-------- Supplied information --------
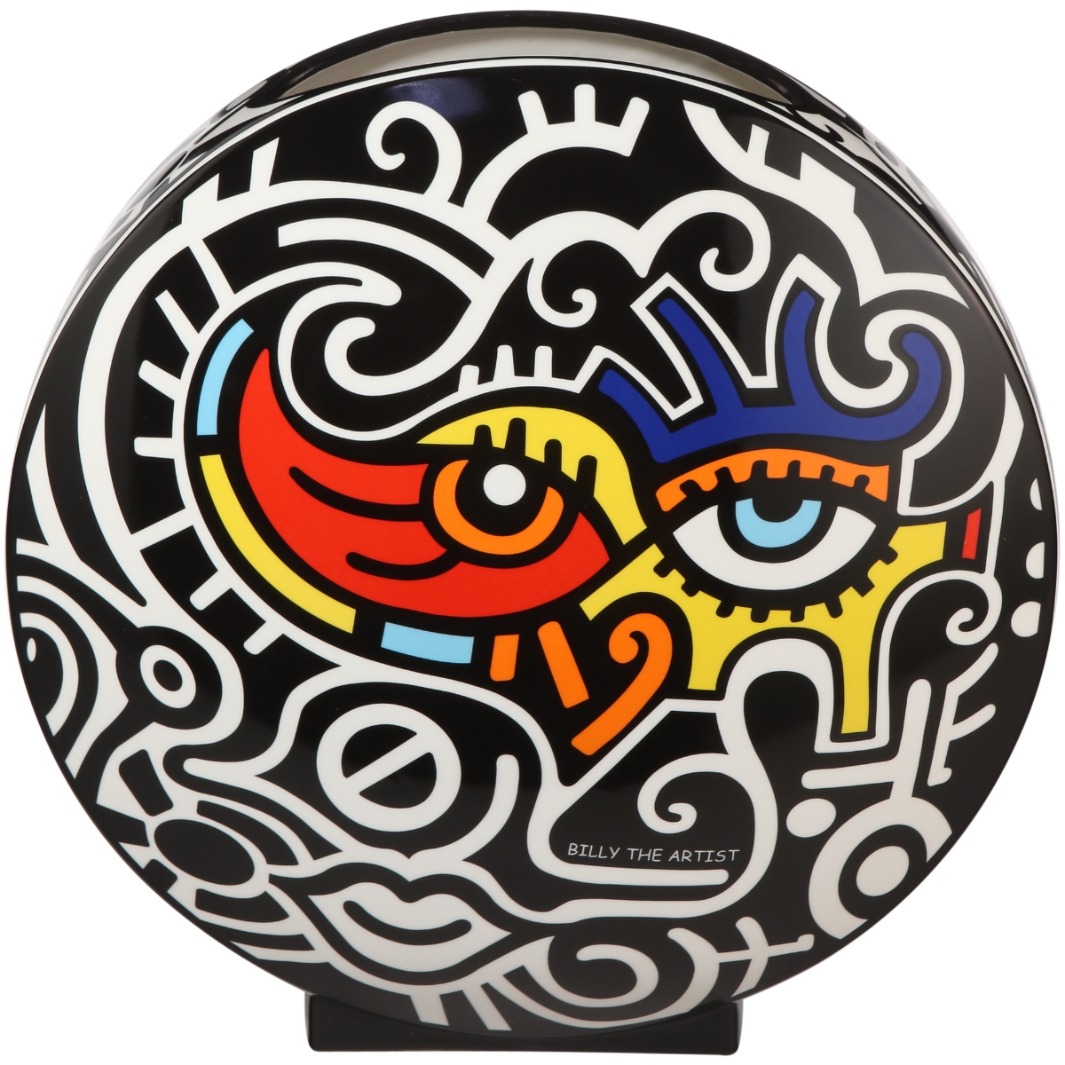 Strahlende Augen – kleine Farbflächen mit Schwarz-Weiß-Kontrast, die wie ein zusammengesetztes Puzzle wirken, ziehen förmlich alle Blicke auf sich und strahlen voll positiver Energie. Man findet die Motive von Billy The Artist auf Vasen, Figuren und auf Accessoires für den täglichen Gebrauch.
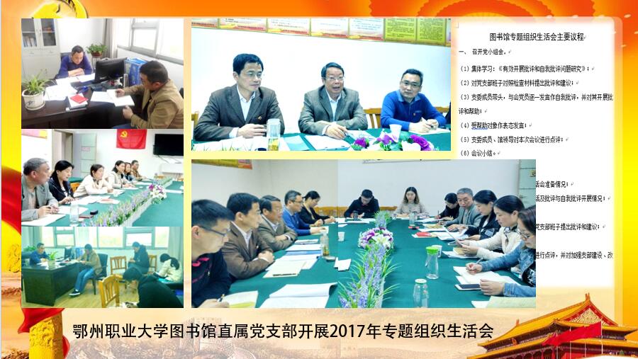 3月30日下午,我馆在图书馆四楼党员活动室召开2017年度基层党组织组织生活会,主管校长杨殿生作为上级党组织代表对会议情况进行点评,并对加强支部建设、作风建设提出要求。
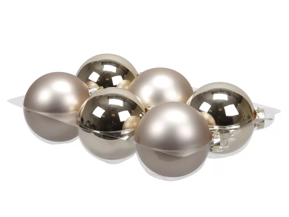 Sada 6 ks skleněných baněk v barvě autumn blonde. V sadě jsou namíchané lesklé a matné baňky.
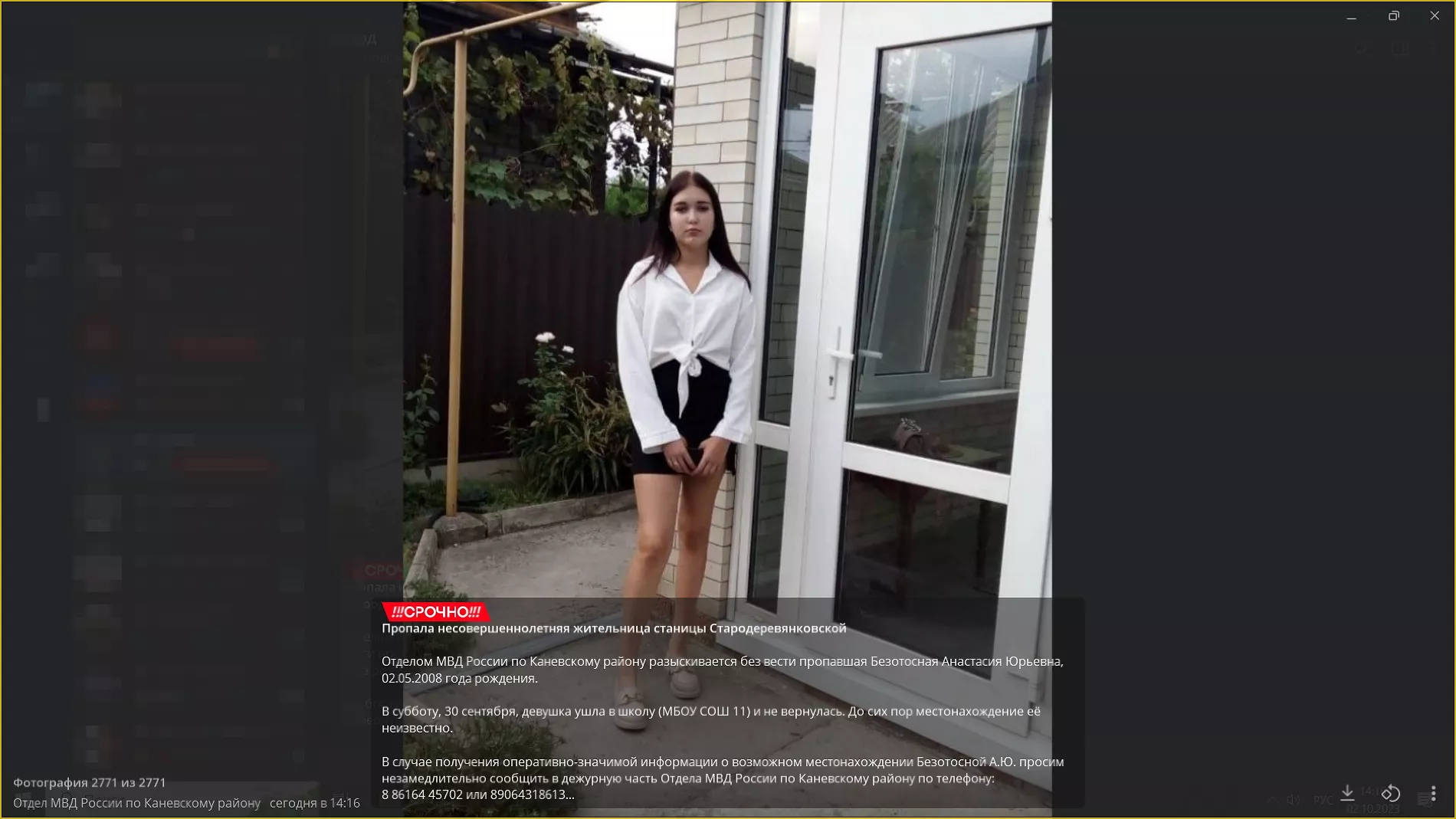 Полиция Каневского района Краснодарского края ищет 15-летнюю Анастасию Безотосную. Жительница станицы Стародеревянковской пропала 30 сентября.
--------
> Task prompt: With images omitted, output the data exactly as given.

> Solution:
 Strahlende Augen – kleine Farbflächen mit Schwarz-Weiß-Kontrast, die wie ein zusammengesetztes Puzzle wirken, ziehen förmlich alle Blicke auf sich und strahlen voll positiver Energie. Man findet die Motive von Billy The Artist auf Vasen, Figuren und auf Accessoires für den täglichen Gebrauch.
 3月30日下午,我馆在图书馆四楼党员活动室召开2017年度基层党组织组织生活会,主管校长杨殿生作为上级党组织代表对会议情况进行点评,并对加强支部建设、作风建设提出要求。
 Sada 6 ks skleněných baněk v barvě autumn blonde. V sadě jsou namíchané lesklé a matné baňky.
 Полиция Каневского района Краснодарского края ищет 15-летнюю Анастасию Безотосную. Жительница станицы Стародеревянковской пропала 30 сентября.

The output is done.